That's better, though with such a large growth rate you will need to
anticipate network bottlenecks far ahead, and be ready to switch to
gigabit on the squids or grow the number of squids, whichever one is
cheaper. Set up MRTG or something equivalent to keep an eye on this.
Squid has a built in SNMP server that can produce some useful graphs
though MRTG.
Another method would be CARP. I haven't used it myself, but it's used
to split the load between peers based on URL. Basically a hash based
load balancing algorithm.
<cut from carp manual>
When the hosts receive an ARP request for 192.168.1.10, they both
select
one of the virtual hosts based on the source IP address in the request.
The host which is master of that virtual host will reply to the
request,
the other will ignore it.
</carp>
i think that loadbalancing is based on source ip, instead of url.

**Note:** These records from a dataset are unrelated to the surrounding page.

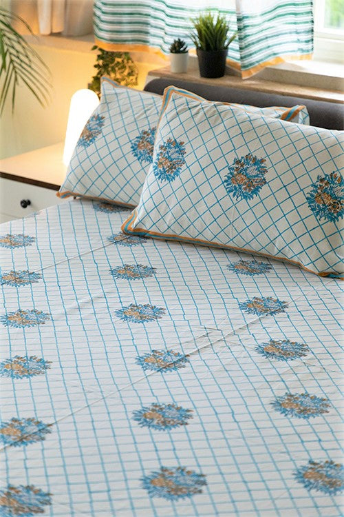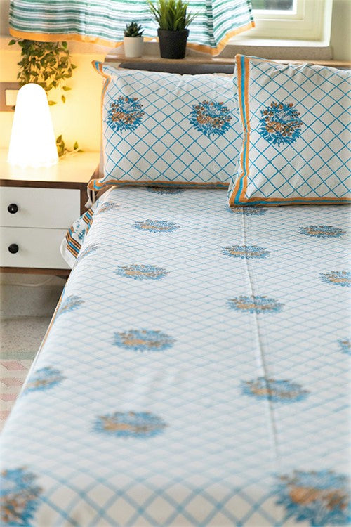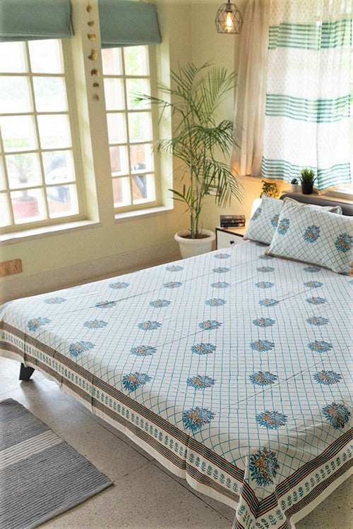 Handblock printed king size cotton bedsheets with two pillow cover to enhance grace & luxury of your bedroom. This handblock printed bedsheet is handcrafted by artisan printers of Sanganer Jaipur, who are one among the torchbearers of Indian Craft. Handblock printing is a centuries-old art form that utilizes a hand-carved wood block, dipped in dye and stamped by hand onto fabric. This set includes One Bedsheet Size: 90*108 Inches, Two Pillow Covers Size : 40*70 Inches Crafted with love by Sootisyahi
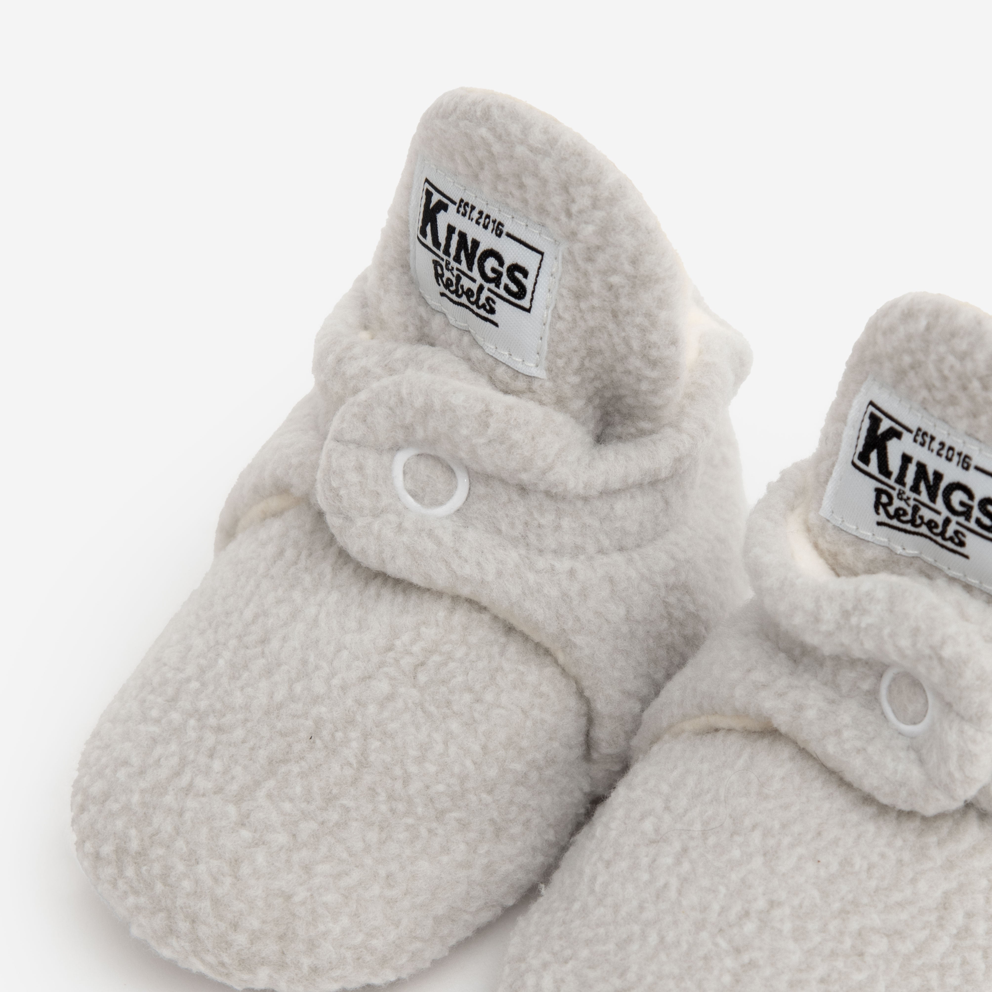 The Kings & Rebels baby bootie is designed with a simple and convenient snap button system to make it easy to dress your little one.
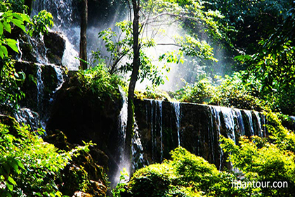 早乘車赴大新德天,沿途欣賞“百里畫廊”的公路景觀。抵碩龍后往靖西游覽“地球裂縫”——通靈大峽谷【約2.5H】——通靈大峽谷位于靖西縣城東南部32公里的湖潤(rùn)鎮(zhèn)新靈村,古龍山水源林自然保護(hù)區(qū)的南端,長(zhǎng)約1000米寬200多米,深300米。由念八峽、銅靈霞、古勞峽、新靈峽、新橋峽組成,總長(zhǎng)10多公里。念八河從古龍山脈緩蜒而下,依次穿越五個(gè)峽谷,流入湖潤(rùn)臺(tái)地。每個(gè)峽谷內(nèi)薈萃了舉世罕見的特高瀑布群、洞中瀑布、地下暗河、峽谷溪流、洞、古懸葬、原始植被等自然景觀與人文景觀。這里薈萃了兩千多種植物,有出現(xiàn)在侏羅紀(jì)時(shí)代(距今一億八千萬年)與恐龍同時(shí)生長(zhǎng)的桫欏、觀音蓮子座蕨類植物等珍稀植物。
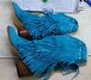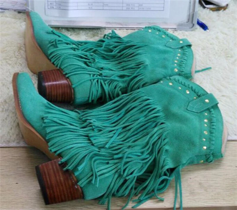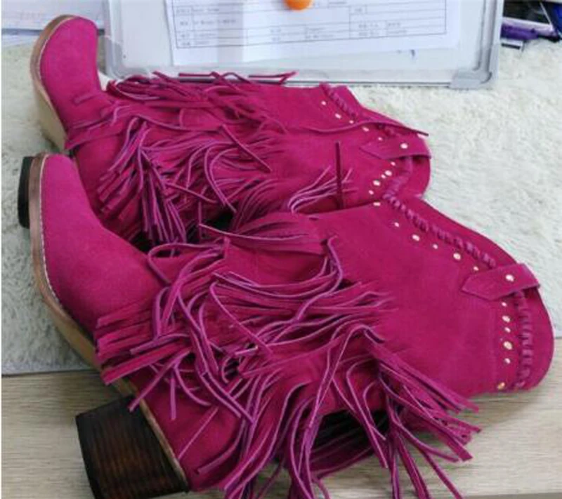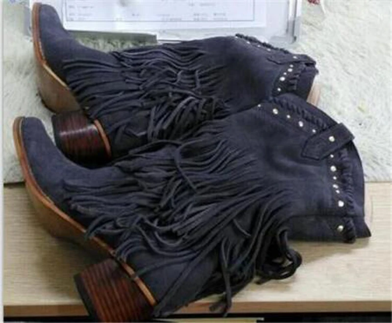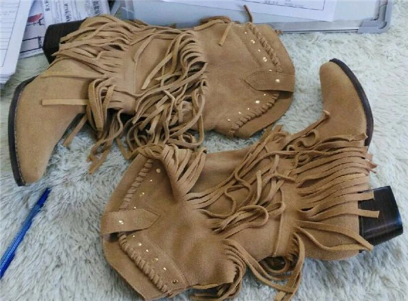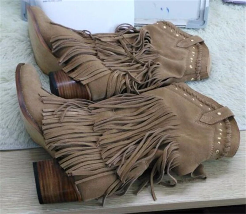 Women Mid-calf Low Heel Bohemia Style Gladiator Motorcycle Boots Fringed Cowboy Boots Shoes Spring Autumn Women Tassel Boots
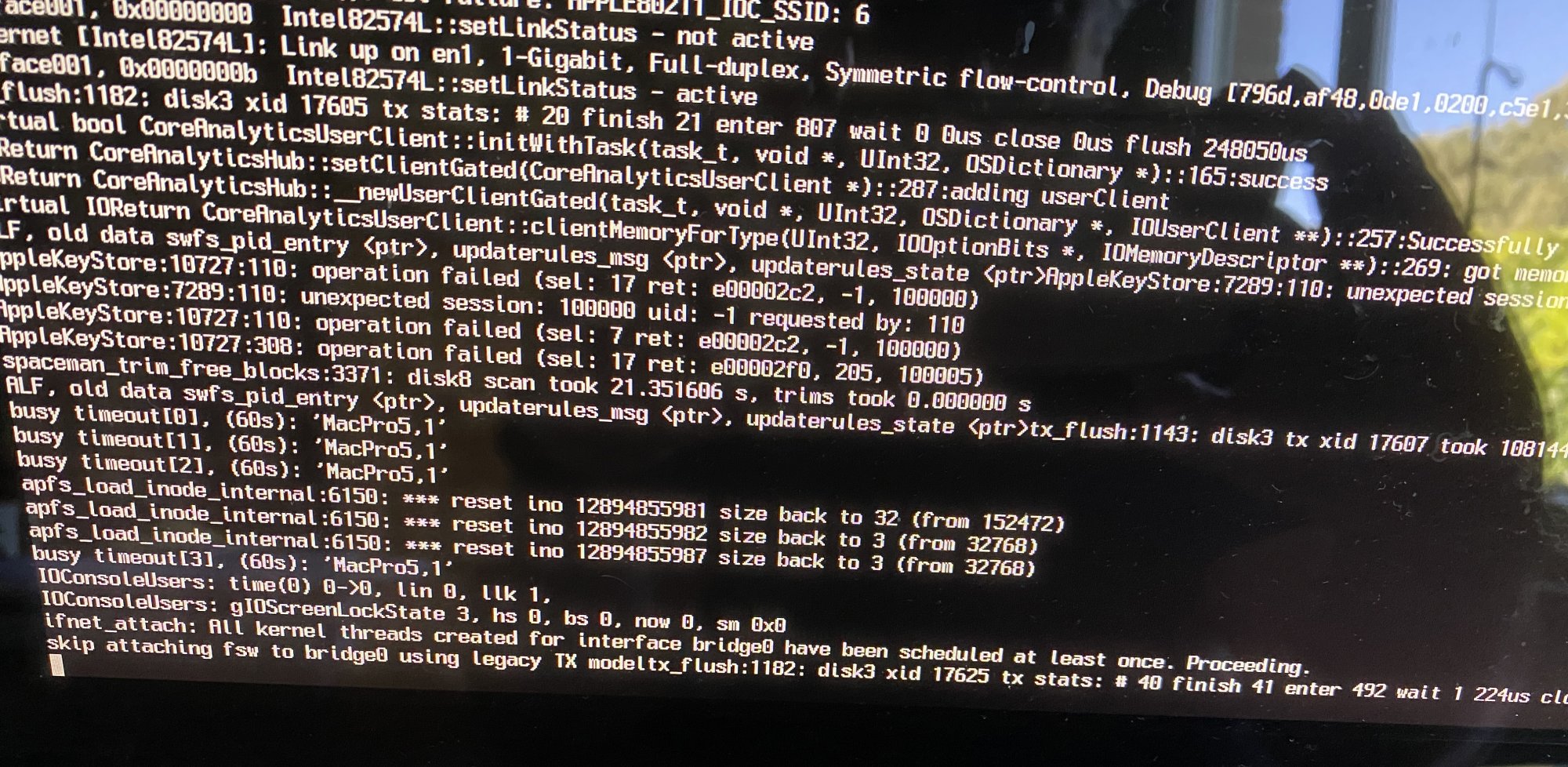 Perhaps my Mac Pro 5,1 is not the best testing ground for latebloom. Before latebloom, I only got my Mac to boot one time out of roughly 30! It doesn't have any NVMe blades or SSD disks, just four regular hard disk drives (one of them moderately fast, at 7200 rpm). It also has a Titan-Ridge Thunderbolt 3 PCI card and an updated Wi-Fi/Bluetooth module. It has a 6-core X5765 processor running at 3.07 GHz.

so carp wouldnt be an option.
Is that the same CARP I was looking at?
http://squid-docs.sourceforge.net/latest/html/x2398.html
If you have a load balancer with packet inspection capabilities you
can also direct traffic that way. On F5 BigIPs the facility is called
iRules. I'm pretty sure NetScaler can do that too.

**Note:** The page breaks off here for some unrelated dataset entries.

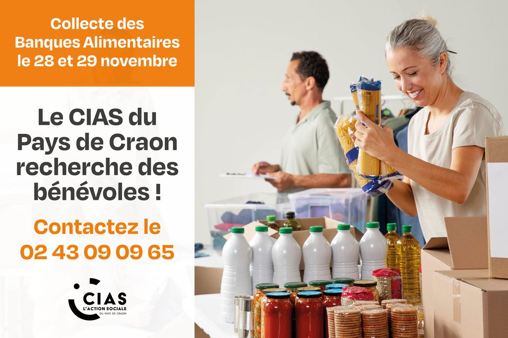 Le Centre Intercommunal du Pays de Craon recherches des bénévoles dans le cadre des collectes pour la Banque Alimentaire organisées le vendredi 28 et samedi 29 novembre prochain.
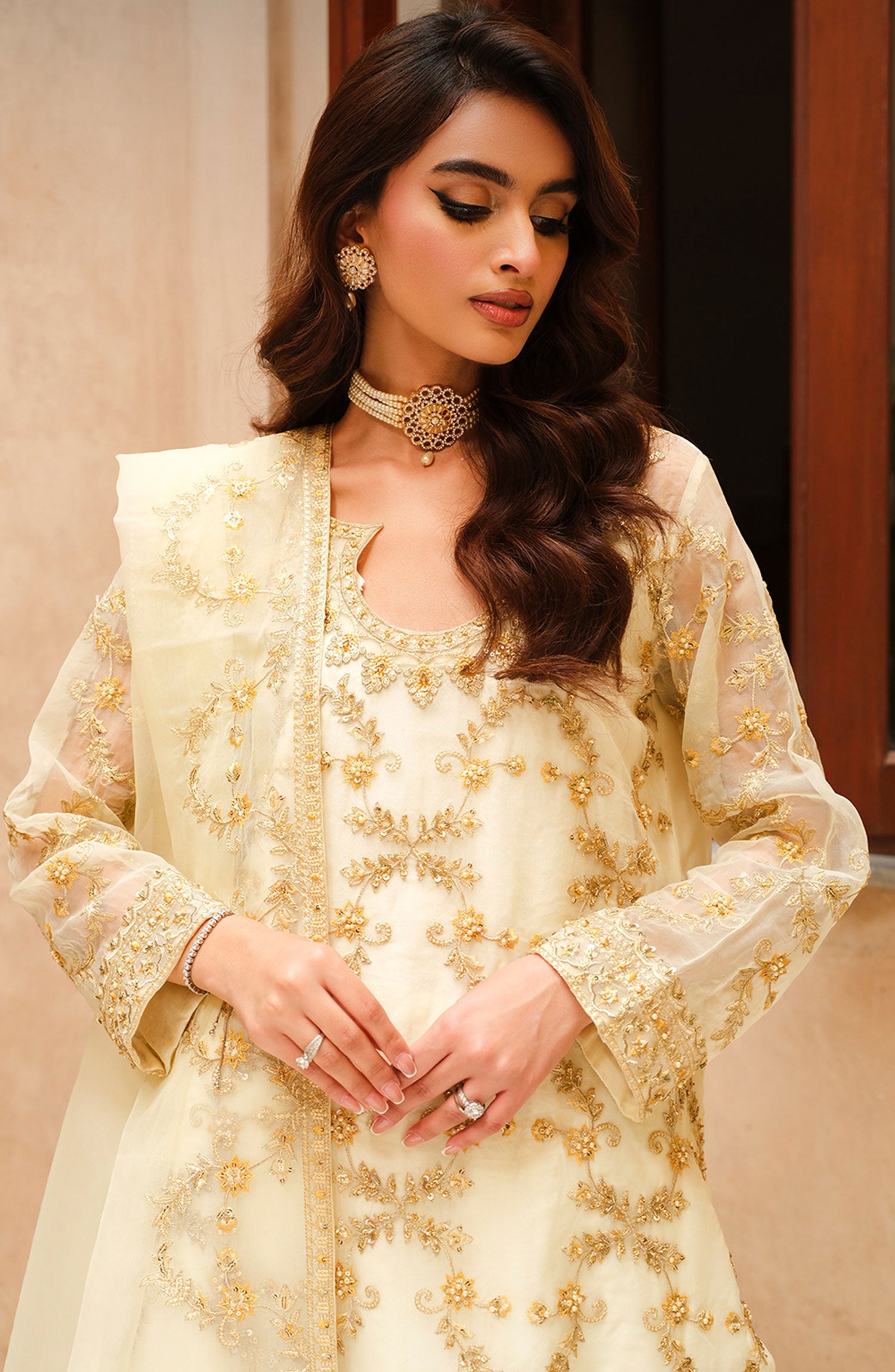 Freesia Musq Luxury Formal Unstitched Collection 2024 has been styled in the image for photography and illustrative purposes.
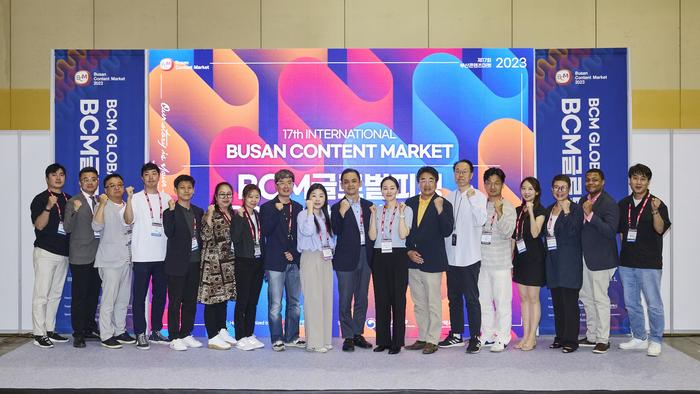 ▲ ▲ 제 17회 부산콘텐츠마켓(BCM) 2023 글로벌 피칭에서 콘텐츠 피칭을 진행한 드라마/애니메이션/지역강소제작사 부문의 11개 업체가 단체 사진을 촬영하고 있다. ©김중건
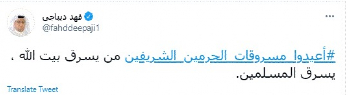 ديباجي يتفاعل مع هاشتاج أعيدوا مسروقات الحرمين الشريفين
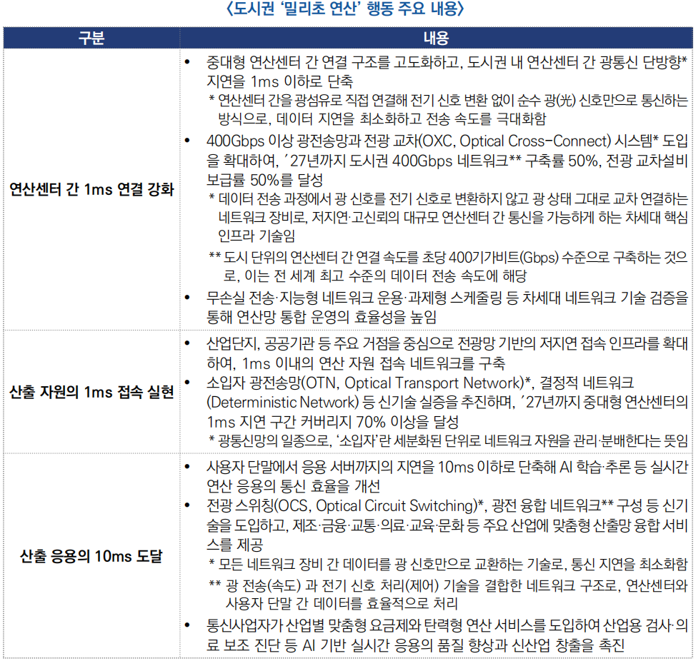 (목표) 전국 도시권 내 1밀리초(ms) 단위 초저지연 연산 네트워크 구축을 목표로 하며, 연산센터 간 연결·핵심 산업거점 접속·응용단말 서비스 지연을 각각 1ms·1ms·10ms 이하로 단축
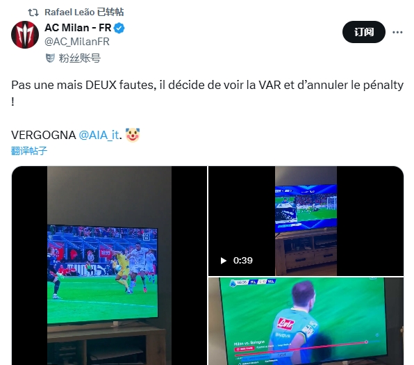 米蘭球迷社媒發(fā)文怒斥判罰:“不是一次而是兩次犯規,他決定查看VAR并取消點(diǎn)球!恥辱@AIA(意大利裁判協(xié)會(huì ))???!比R奧社媒轉發(fā)了該球迷評論。

That is the kinda solution iam looking for, but then without the cost we
are pretty new company without the money to buy expensive solutions. so
we prefer open source solutions.
another point:
what is your experience with ext2/3 reiserfs?
our ext3 partitions tend to get corrupted, when used for squid caches or
simular purposes.
i tend to change things to reiserfs entirely, but its just a guess.

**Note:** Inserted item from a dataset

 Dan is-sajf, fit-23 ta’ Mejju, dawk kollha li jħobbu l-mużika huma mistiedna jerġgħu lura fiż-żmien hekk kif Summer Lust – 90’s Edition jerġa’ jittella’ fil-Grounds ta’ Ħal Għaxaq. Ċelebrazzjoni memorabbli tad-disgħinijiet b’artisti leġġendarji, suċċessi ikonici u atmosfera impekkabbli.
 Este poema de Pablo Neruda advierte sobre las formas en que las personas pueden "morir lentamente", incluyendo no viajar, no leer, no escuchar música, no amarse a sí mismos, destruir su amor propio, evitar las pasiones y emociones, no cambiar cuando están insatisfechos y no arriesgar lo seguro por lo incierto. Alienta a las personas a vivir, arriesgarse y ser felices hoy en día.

does anyone have the same experience?
Read the flames on the LKML about ReiserFS and decide if it's stable for
production use ;-)
I've got six squids handling a similar traffic load to what you describe
(though on a smaller working set) on ext3 with no corruption issues.
No corruption issues on any other server using ext3 either. Looks like
you have a serious issue to fix there.
--
Robert Borkowski